George Augustus Frederick Cavendish-Bentinck, M.P., served as Parliamentary Secretary of the Board of Trade in 1874-5 and Judge Advocate General in 1875-80 under Disraeli, who never forgot his early debt to the Portland family. Both in the early 1870s and after Gladstone's return to office in 1880, Cavendish-Bentinck travelled on the continent and he had a particular passion for Venice and Venetian art, both of the renaissance and of the settecento. Among his eighteenth-century Venetian pictures were nine by Longhi, eight given to Canaletto, six to G. B. Tiepolo, including the autograph Banquet of Cleopatra and the Deposition by Domenico, now in the National Gallery, London, nos. 6409 and 1333 respectively, and nineteen by Francesco Guardi, a twentieth catalogued merely as Guardi and a similarly catalogued set of twelve lagoon views presumably by Giacomo. While some of his pictures like this work were purchased from major British collections, Cavendish-Bentinck also made extensive purchases in Italy as the sale catalogue attests. Thus in Padua he bought from Counts Lazzaro and Giustiniani Cavelli, and in Venice from dealers and patricians alike, Guggenheim (1871 and 1874), Antonio Ca[o?]rrer (in 1874), Richetti (1874), Barbini (by 1874), Antonio Zen (1880), Marcato (1881), as well as the Albrizzi, Manfrin and Morosini families. Cavendish-Bentinck's extensive holdings of works by the Guardi reflected his long experience of, and affection for, Venice.
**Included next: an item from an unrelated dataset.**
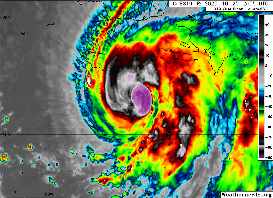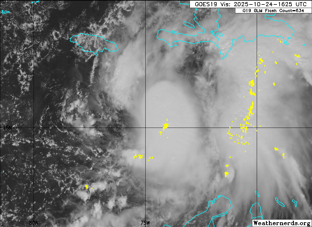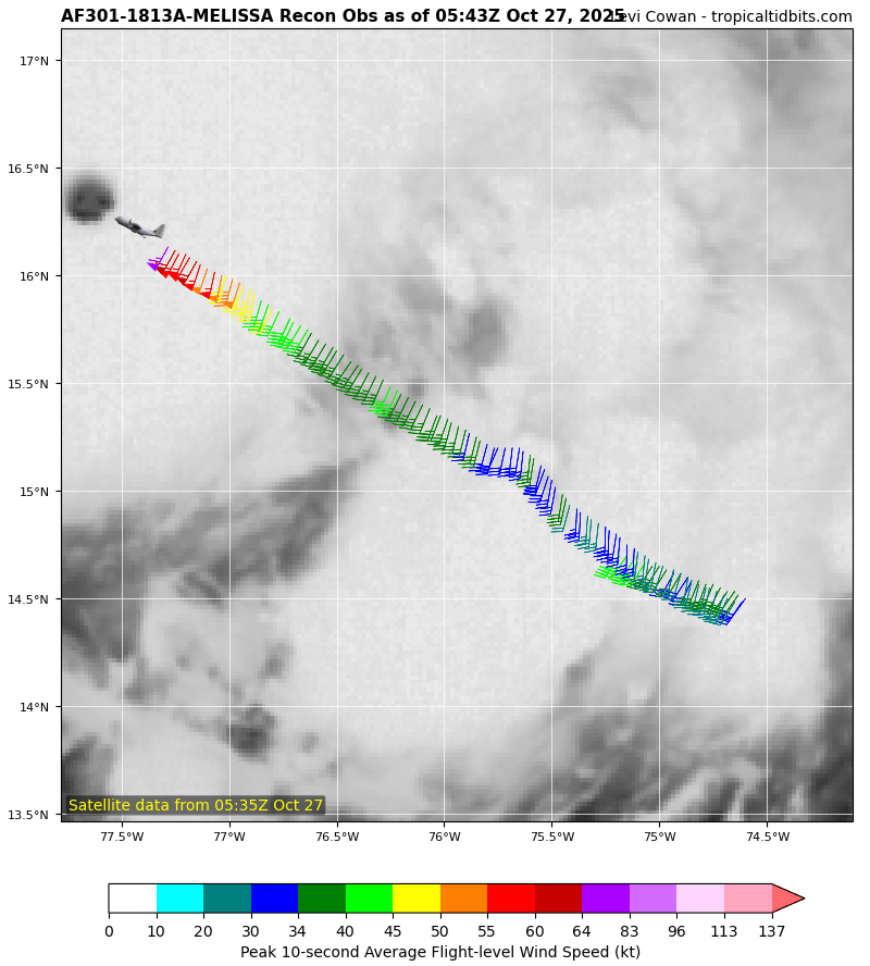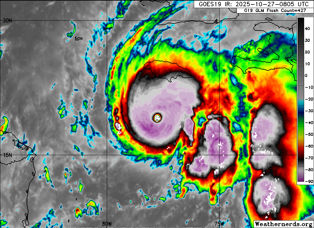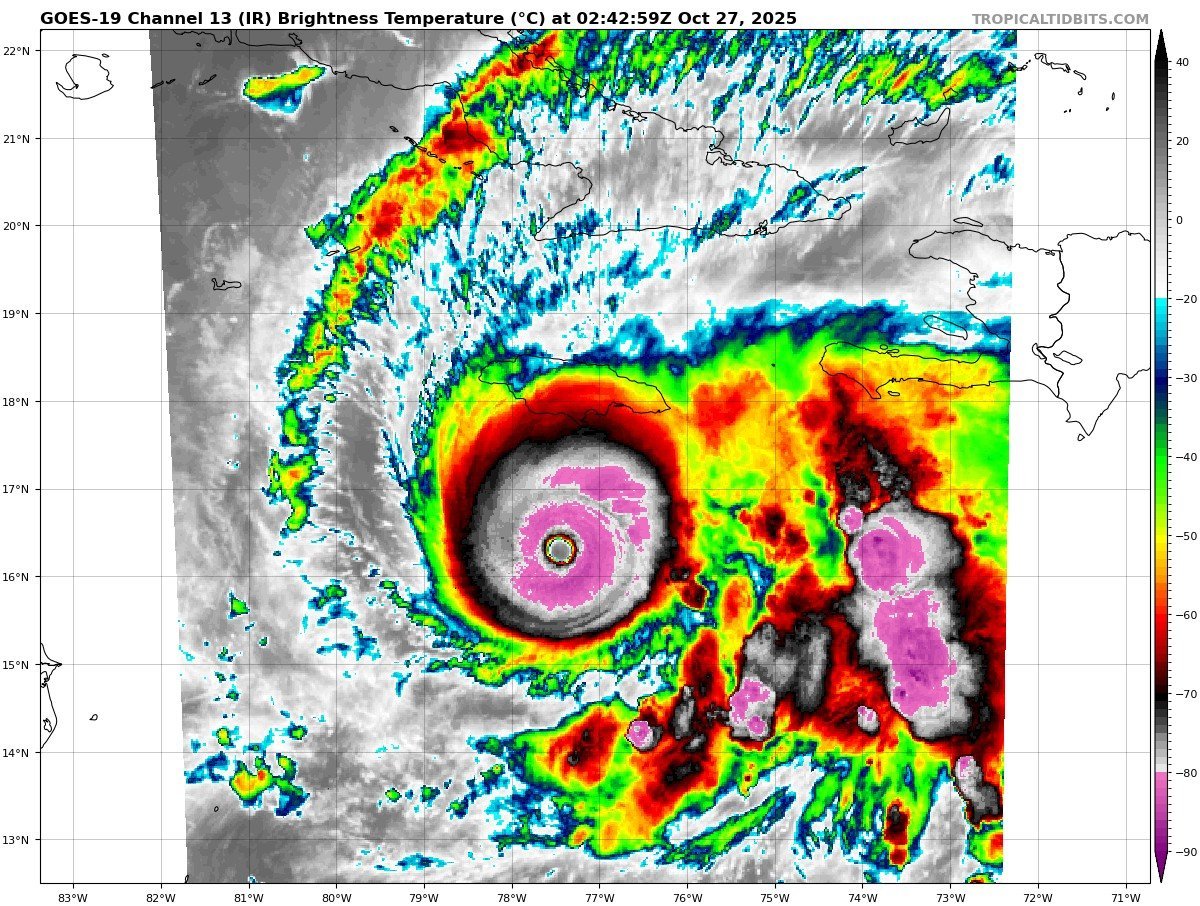 Felipe F Posted October 27, 2025 at 05:39 PM Share Posted October 27, 2025 at 05:39 PM SUMMARY OF 200 PM EDT...1800 UTC...INFORMATION ---------------------------------------------- LOCATION...16.5N 78.3W ABOUT 145 MI...230 KM SW OF KINGSTON JAMAICA ABOUT 325 MI...525 KM SW OF GUANTANAMO CUBA MAXIMUM SUSTAINED WINDS...175 MPH...280 KM/H PRESENT MOVEMENT...WNW OR 285 DEGREES AT 3 MPH...6 KM/H MINIMUM CENTRAL PRESSURE...906 MB...26.76 INCHES 2 Link to comment Share on other sites More sharing options...

Cavendish-Bentinck's collection was divided between his London house, 3 Grafton Street and Brownsea Castle, itself if not on a lagoon then in the middle of Poole Harbour. The Grafton Street house was acquired at a moment of financial crisis by his son-in-law, Arthur James, who purchased many lots in the posthumous sale of 1891. He and his wife Venetia continued to live at Grafton Street and at his own house Coton Hall, near Rugby. Widowed in 1917, Mrs. James was a formidable figure in the social world. On her death some of her husband's pictures, including two of the Longhis he had acquired at her father's sale, were bequeathed to the National Gallery, which had already acquired one at the 1891 sale, while the bulk of the collection was sold; this canvas, which in 1891 had been divided from what was clearly originally the pair, the Doge's Palace from the Bacino (supra 1), was separated from the Piazza San Marco (supra 4), which had functioned as its pendant since the 1891 sale.